Re: [PATCH RFC 1/4] fs/locks: Fix file lock cache accounting, again

Roman Gushchin <roman.gushchin@xxxxxxxxx> · Wed, 17 Jan 2024 13:50:22 -0800

On Wed, Jan 17, 2024 at 12:20:59PM -0800, Linus Torvalds wrote:
> On Wed, 17 Jan 2024 at 11:39, Josh Poimboeuf <jpoimboe@xxxxxxxxxx> wrote:
> >
> > That's a good point.  If the microbenchmark isn't likely to be even
> > remotely realistic, maybe we should just revert the revert until if/when
> > somebody shows a real world impact.
> >
> > Linus, any objections to that?
> 
> We use SLAB_ACCOUNT for much more common allocations like queued
> signals, so I would tend to agree with Jeff that it's probably just
> some not very interesting microbenchmark that shows any file locking
> effects from SLAB_ALLOC, not any real use.
> 
> That said, those benchmarks do matter. It's very easy to say "not
> relevant in the big picture" and then the end result is that
> everything is a bit of a pig.
> 
> And the regression was absolutely *ENORMOUS*. We're not talking "a few
> percent". We're talking a 33% regression that caused the revert:
> 
>    https://lore.kernel.org/lkml/20210907150757.GE17617@xsang-OptiPlex-9020/
> 
> I wish our SLAB_ACCOUNT wasn't such a pig. Rather than account every
> single allocation, it would be much nicer to account at a bigger
> granularity, possibly by having per-thread counters first before
> falling back to the obj_cgroup_charge. Whatever.
> 
> It's kind of stupid to have a benchmark that just allocates and
> deallocates a file lock in quick succession spend lots of time
> incrementing and decrementing cgroup charges for that repeated
> alloc/free.
> 
> However, that problem with SLAB_ACCOUNT is not the fault of file
> locking, but more of a slab issue.
> 
> End result: I think we should bring in Vlastimil and whoever else is
> doing SLAB_ACCOUNT things, and have them look at that side.
> 
> And then just enable SLAB_ACCOUNT for file locks. But very much look
> at silly costs in SLAB_ACCOUNT first, at least for trivial
> "alloc/free" patterns..
> 
> Vlastimil? Who would be the best person to look at that SLAB_ACCOUNT
> thing?

Probably me.

I recently did some work on improving the kmem accounting performance,
which is mentioned in this thread and shaves off about 30%:
https://lore.kernel.org/lkml/20231019225346.1822282-1-roman.gushchin@xxxxxxxxx/

Overall the SLAB_ACCOUNT overhead looks big on micro-benchmarks simple because
SLAB allocation path is really fast, so even touching a per-cpu variable adds
a noticeable overhead.
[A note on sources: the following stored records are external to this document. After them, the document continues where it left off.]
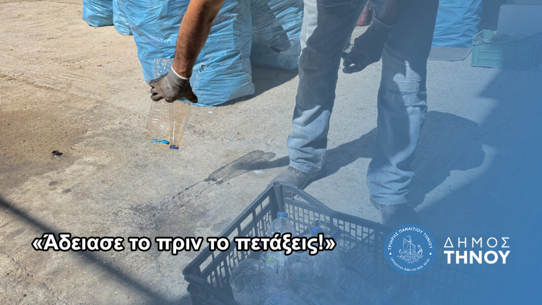 Ο Δήμος Τήνου συνεχίζει τις δράσεις ευαισθητοποίησης για την ανακύκλωση με ένα νέο σύντομο βίντεο που υπενθυμίζει μια απλή αλλά σημαντική συνήθεια: να αδειάζουμε τις συσκευασίες πριν τις πετάξουμε στον κάδο ανακύκλωσης.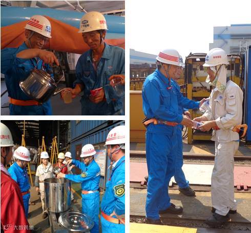 渐渐地,送清凉活动已经变成了一种日常生活,每天都能看到一些人或提着茶壶或拿着棒冰,或带着毛巾或捧着冰桶,从平台到码头,从甲板到机舱,他们跑遍全船,爬分段,钻舱室,为生产一线的作业员工送上一抹清凉,并亲切询问他们的身体情况,叮嘱他们在高温季节注意休息,更要注意安全生产。
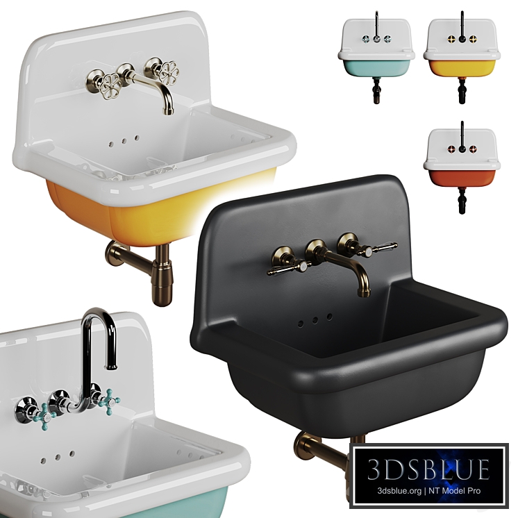 BLEU PROVENCE TRUECOLORS MEDIUM wall-mounted retro washbasin medium size Brand: Blue Provence Series: TrueColors Dimensions: 60x42x52.5cm Material: metal + ceramics The scene contains 5 types of sinks in different colors and with different faucets and spouts, which are shown in the preview. The color of the sink can be easily changed in the Corona Color card, or you can change the materials on the sinks between themselves. The modifier stack contains Turbosmooth set to Render Interations - 2 iterations in preview. The materials of the model are made in Corona Renderer - Legacy Mtl. Link: https://bleuprovence.it/en/product/true-colors-serie-truecolors-lavabo-medium/
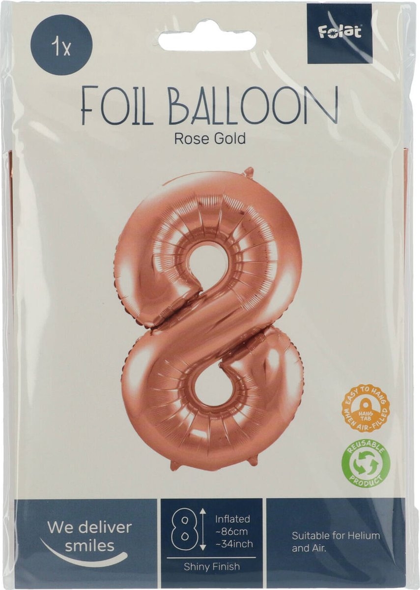 Rosé Goudkleurige Cijferballon cijfer 8 – 86cm.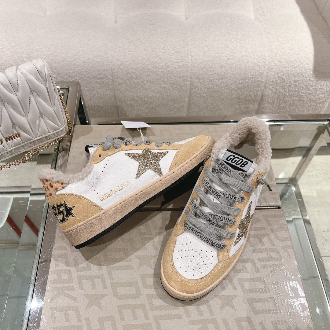 BALL STAR SNEAKERS WITH GLITTER STAR IN WHITE CALFSKIN AND BROWN SUEDE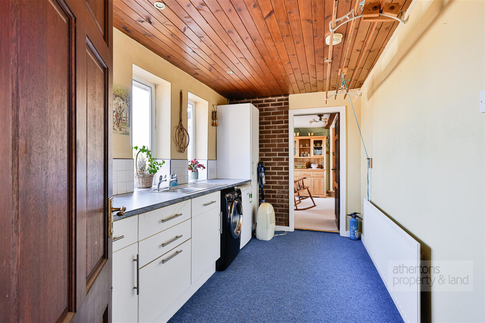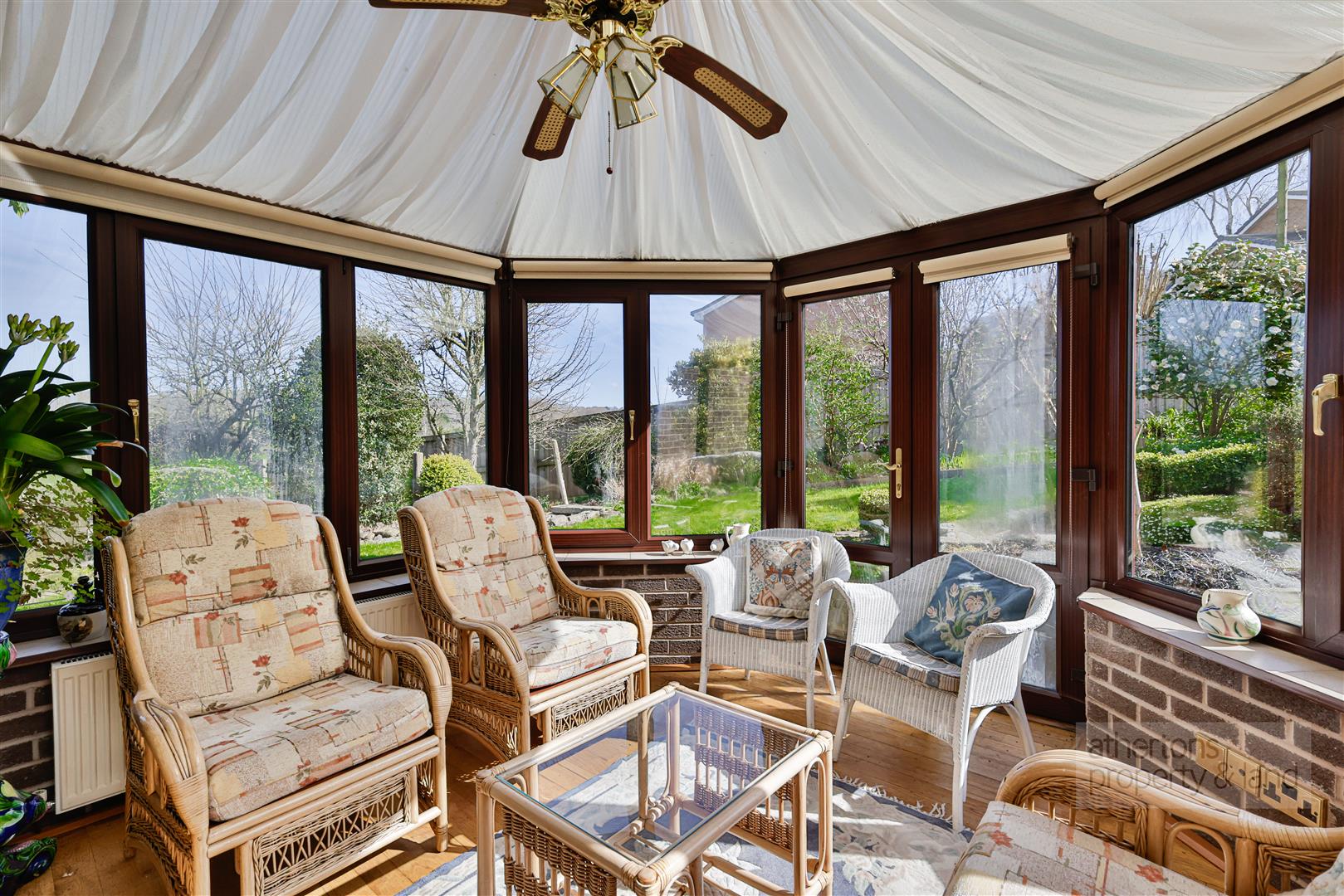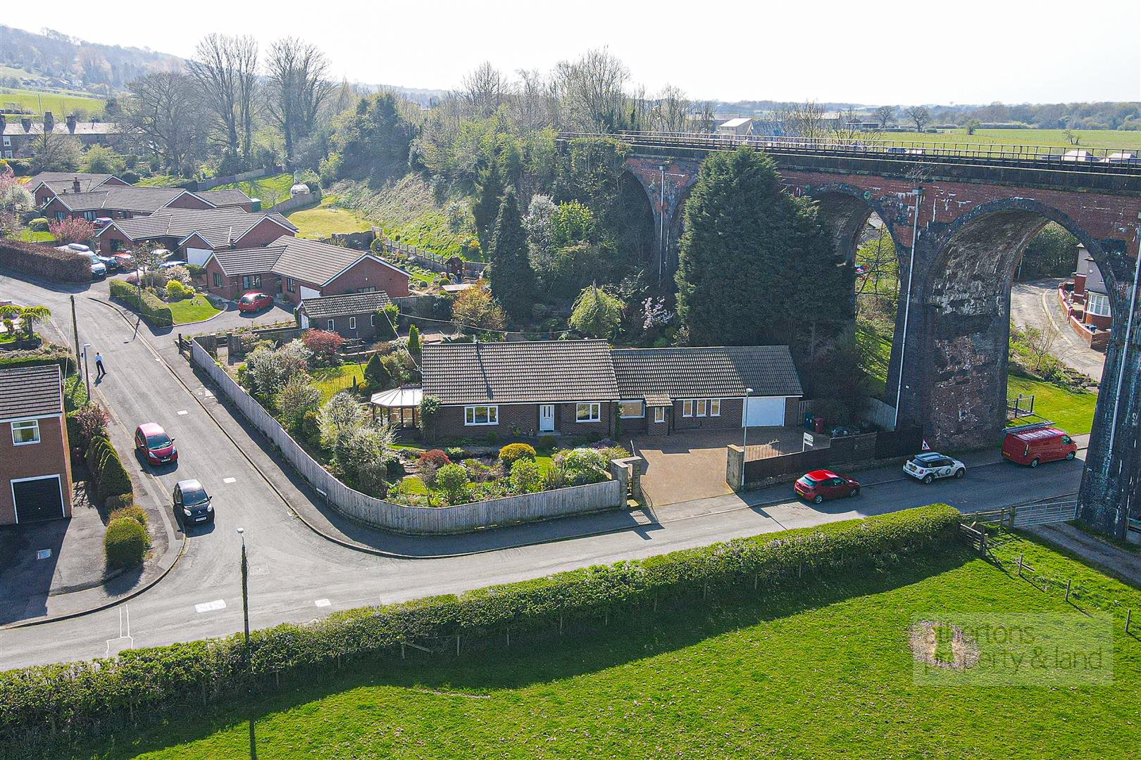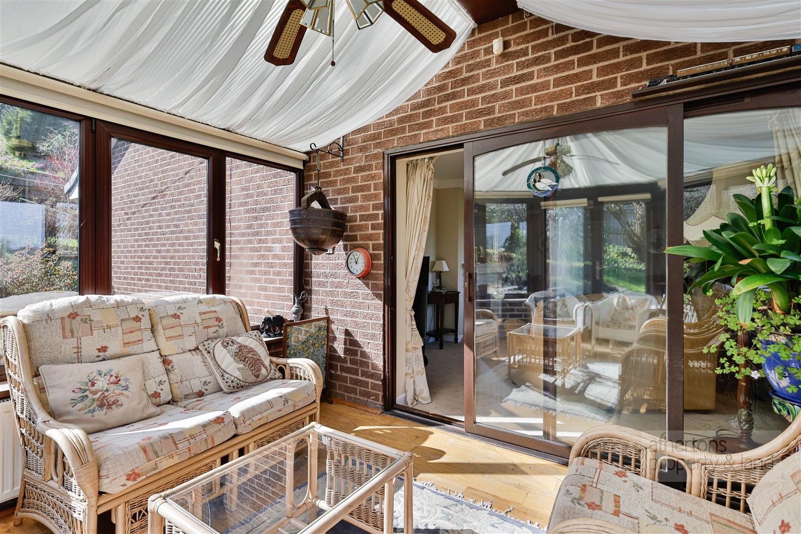 A welcoming L-shaped entrance hall provides access to the loft, which is partially boarded, and houses the gas combination boiler. The main lounge is a particularly attractive reception space, centred around a marble fireplace with inset gas fire, and enjoying delightful views towards the viaduct. Sliding doors open through to a bright conservatory, which takes full advantage of the garden outlook, with UPVC double glazing and French doors leading directly outside.

There is nothing particularly slow on the kmem allocation
and release paths, but saving a memcg/objcg pointer, bumping the charge
and stats adds up, even though we have batching in place.

I believe the only real way to make it significantly faster is to cache
pre-charged slab objects, but it adds to the complexity and increases the memory
footprint. So far it was all about micro-benchmarks, I haven't seen any
complaints on the performance of real workloads.

Thanks!